ASSIGNMENT: An exact copy of the data is needed, but without any of its images.

DATA EXCERPT:
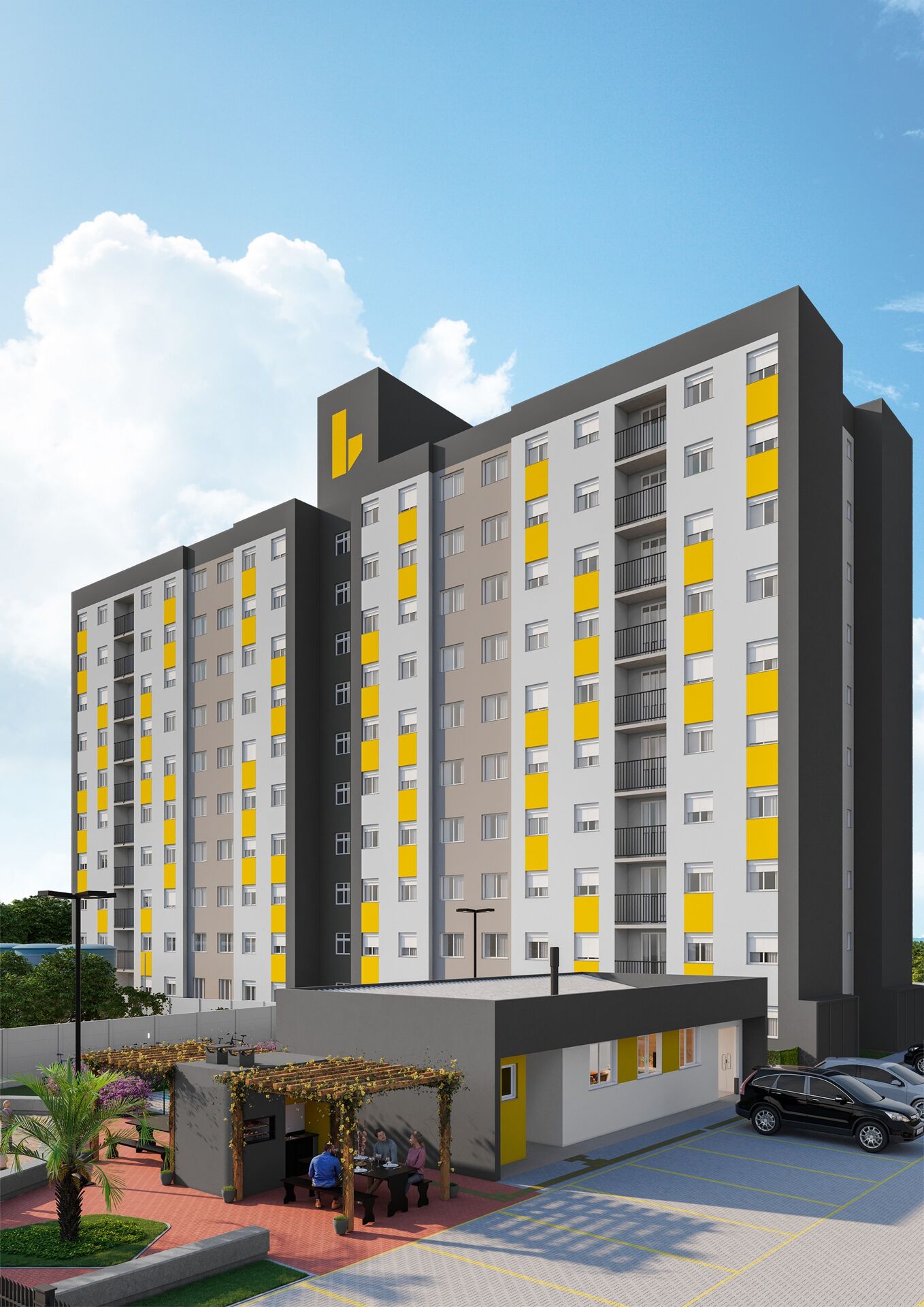 Áreas de Uso Comum: Salão de festas com churrasqueira, Playground, Piscinas adulto e infantil, Espaço Pet e PetCare, Bicicletário, Quiosques com churrasqueira;
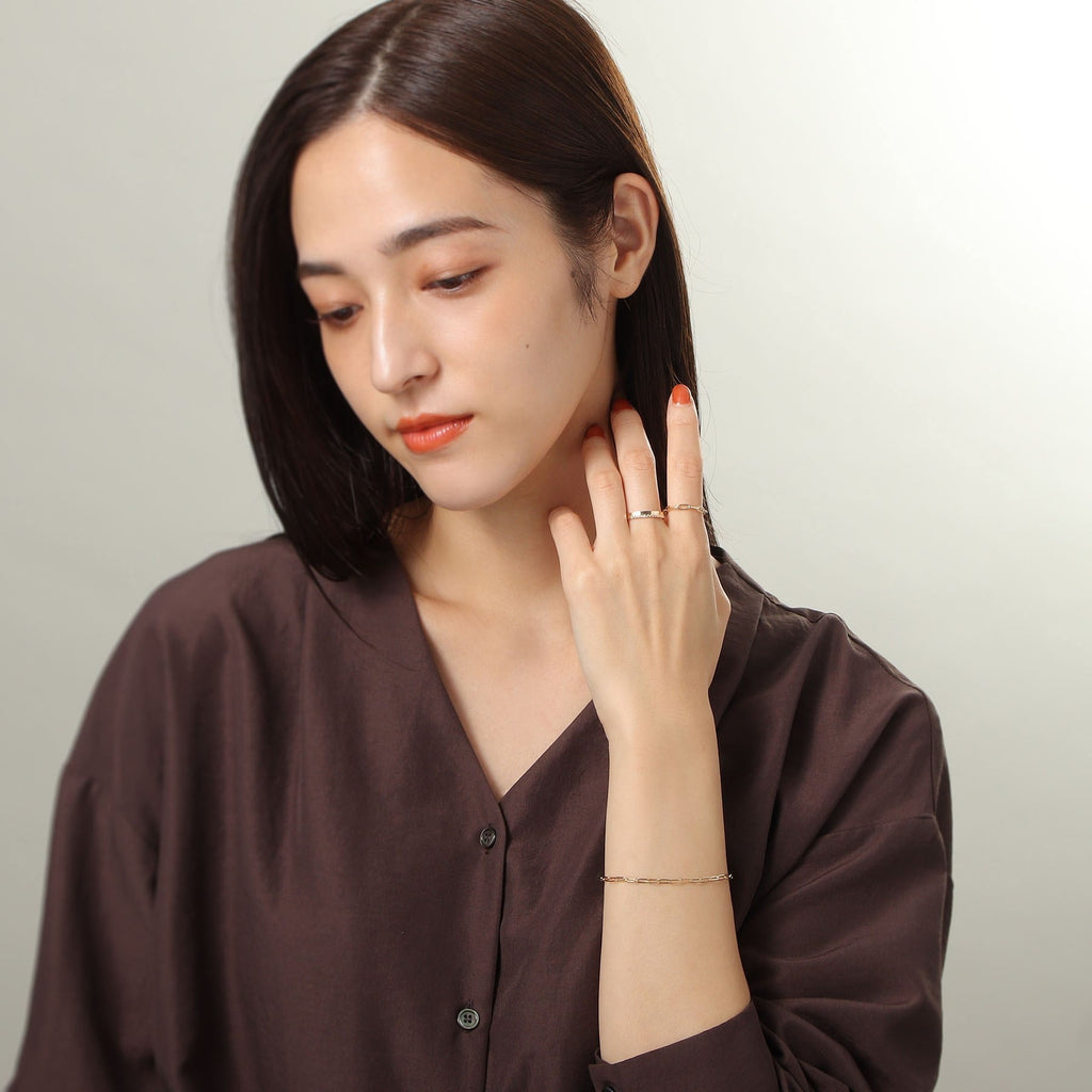 単品使いはもちろん、ボリュームリングとコーディネートことで、より旬の着こなしに。
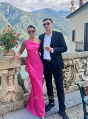 Etuikleid One Shoulder Satin Hot Pink Lange Abendkleider Brautjungfernkleider Abendkleid Ballkleid
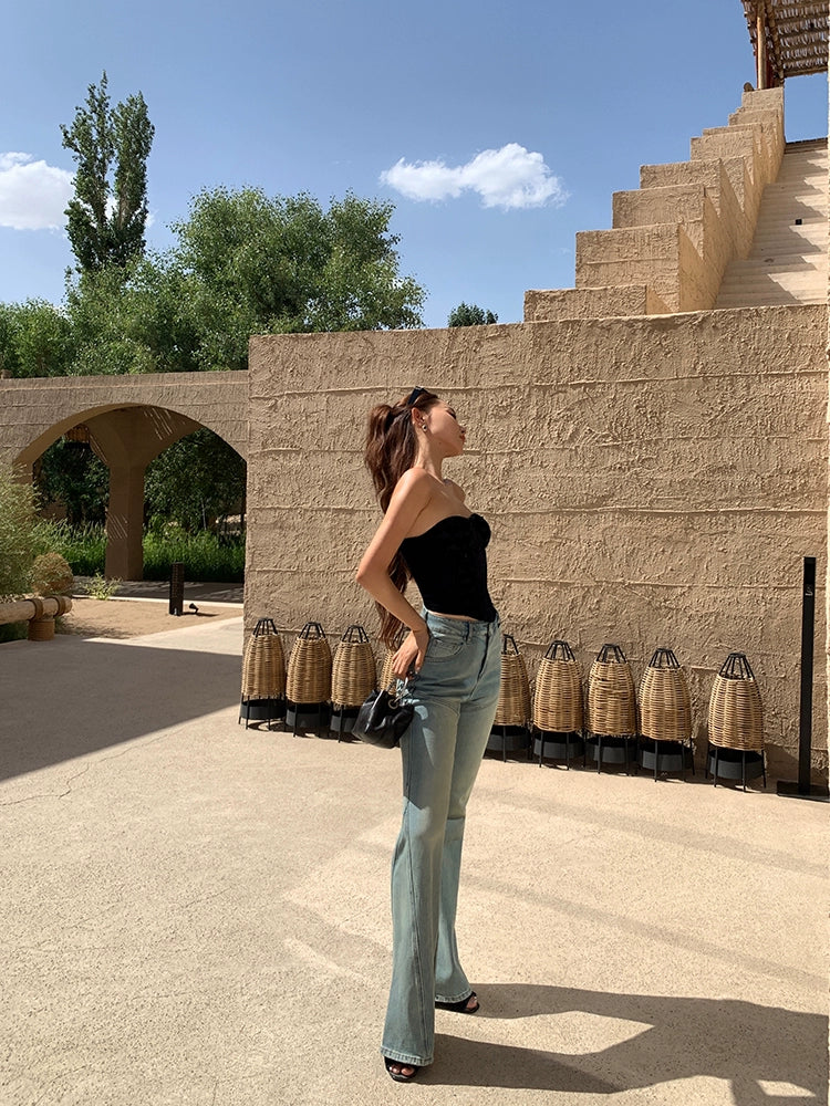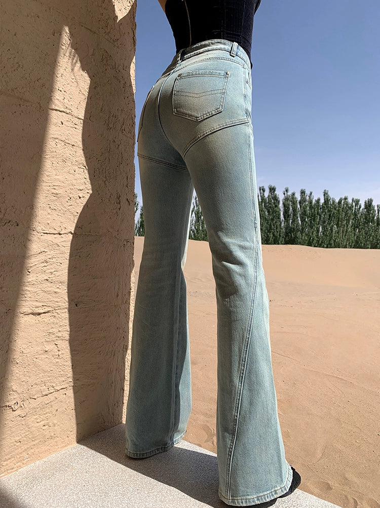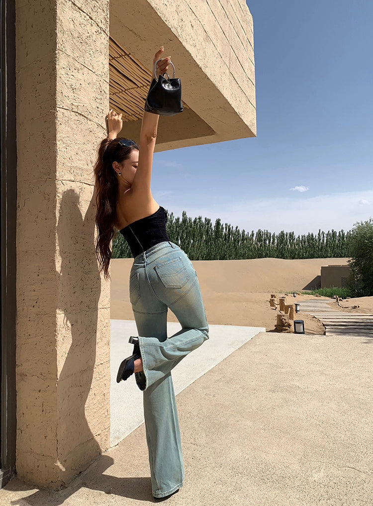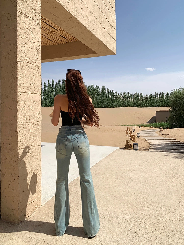 Xiaoliweiフレアストレートレッグワイドレッグジーンズ、夏の細いデザイン、レトロなスリムパンツ

WRITTEN SOLUTION:
 Áreas de Uso Comum: Salão de festas com churrasqueira, Playground, Piscinas adulto e infantil, Espaço Pet e PetCare, Bicicletário, Quiosques com churrasqueira;
 単品使いはもちろん、ボリュームリングとコーディネートことで、より旬の着こなしに。
 Etuikleid One Shoulder Satin Hot Pink Lange Abendkleider Brautjungfernkleider Abendkleid Ballkleid
 Xiaoliweiフレアストレートレッグワイドレッグジーンズ、夏の細いデザイン、レトロなスリムパンツ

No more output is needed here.